___ DATA ___

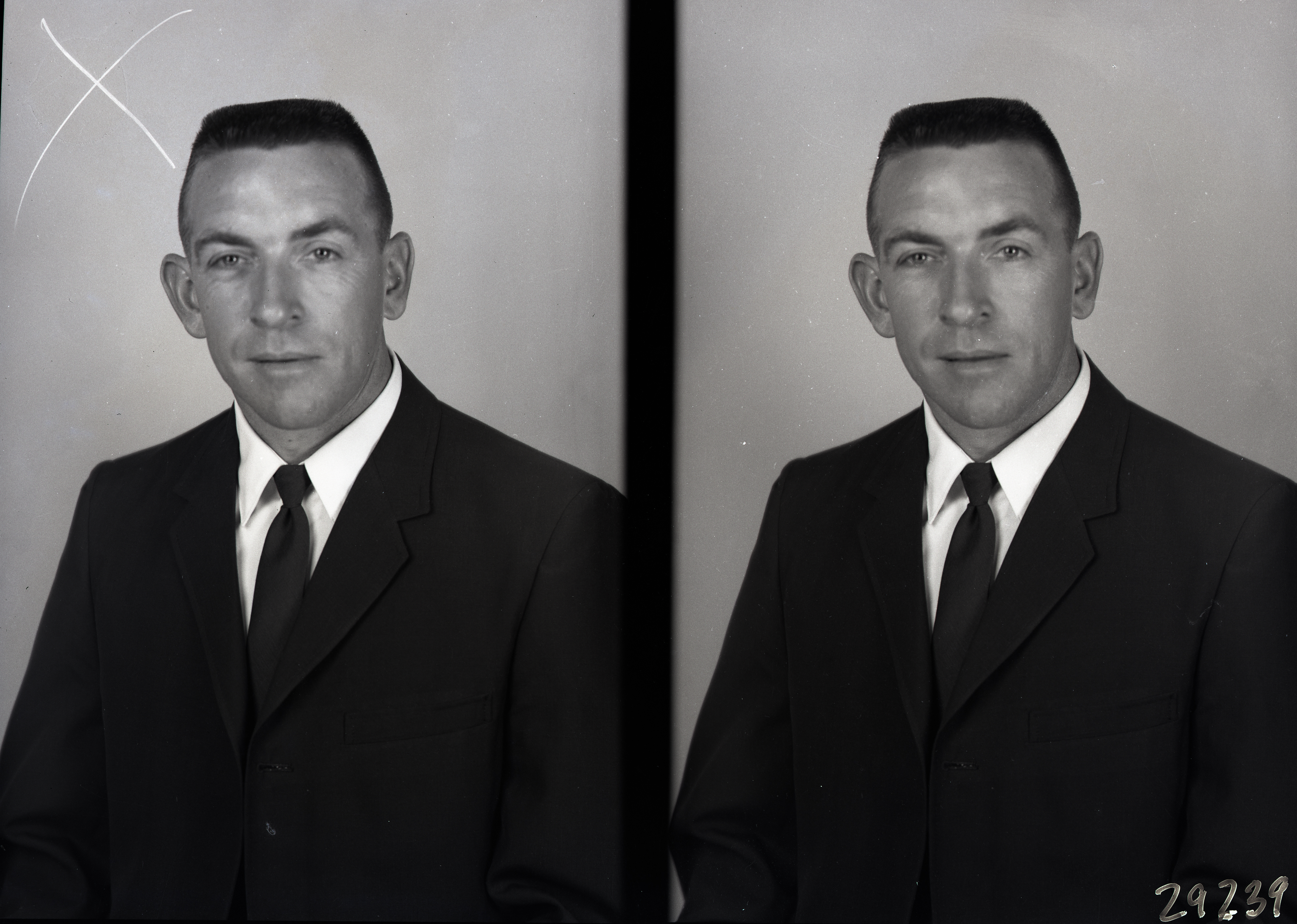 The image on the left has a mark at the top (an "X") where the photographer noted which of the two images he planned to print.
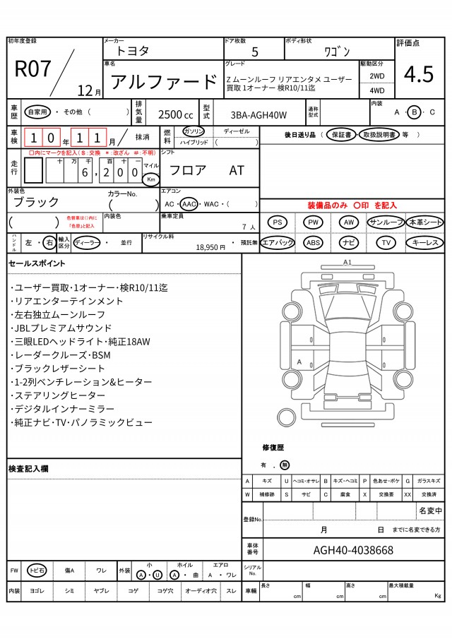 | VIN/Serial No. | AGH40-4038668 |
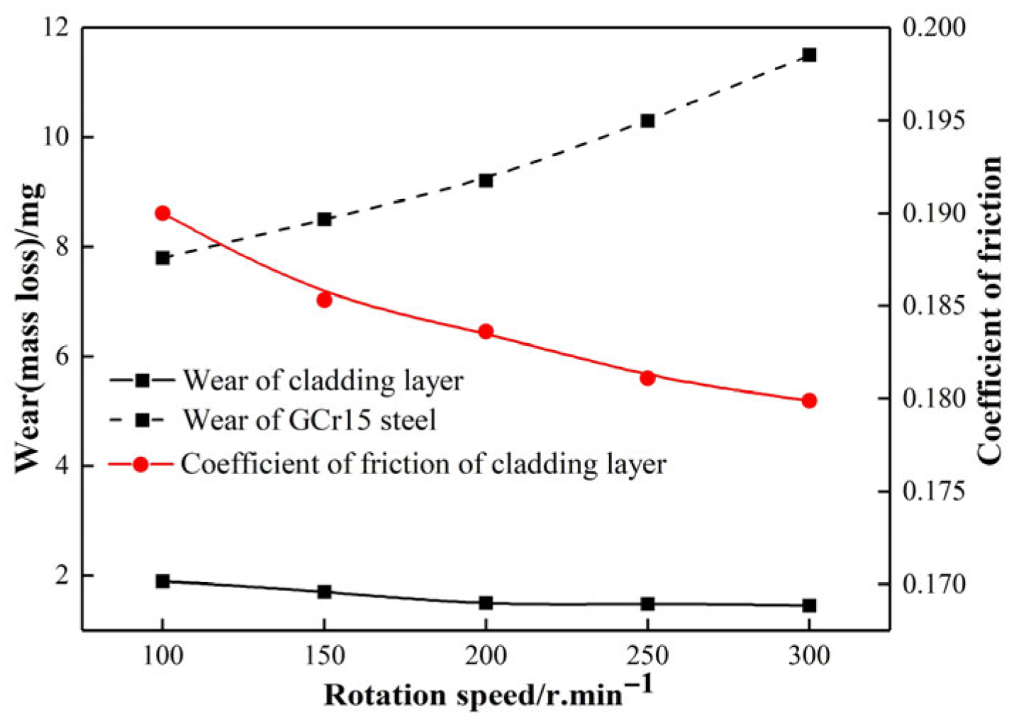 Table 7. Mass loss of the cladding layer and GCr15 steel at different rotation speeds.
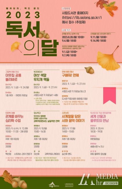 미디어아워 이다정 기자 | 세종시립도서관이 ‘9월 독서의 달’을 맞이해 시민들을 대상으로 초청 강연, 여민 음악회, 문화공연 등 다채로운 독서문화 진흥행사를 진행한다.

___

• _WORK TO BE COMPLETED_
The data above must be written out again without alteration, and the pictures in them must be excluded.

• _SOLUTION TO THIS EXERCISE_
 The image on the left has a mark at the top (an "X") where the photographer noted which of the two images he planned to print.
 | VIN/Serial No. | AGH40-4038668 |
 Table 7. Mass loss of the cladding layer and GCr15 steel at different rotation speeds.
 미디어아워 이다정 기자 | 세종시립도서관이 ‘9월 독서의 달’을 맞이해 시민들을 대상으로 초청 강연, 여민 음악회, 문화공연 등 다채로운 독서문화 진흥행사를 진행한다.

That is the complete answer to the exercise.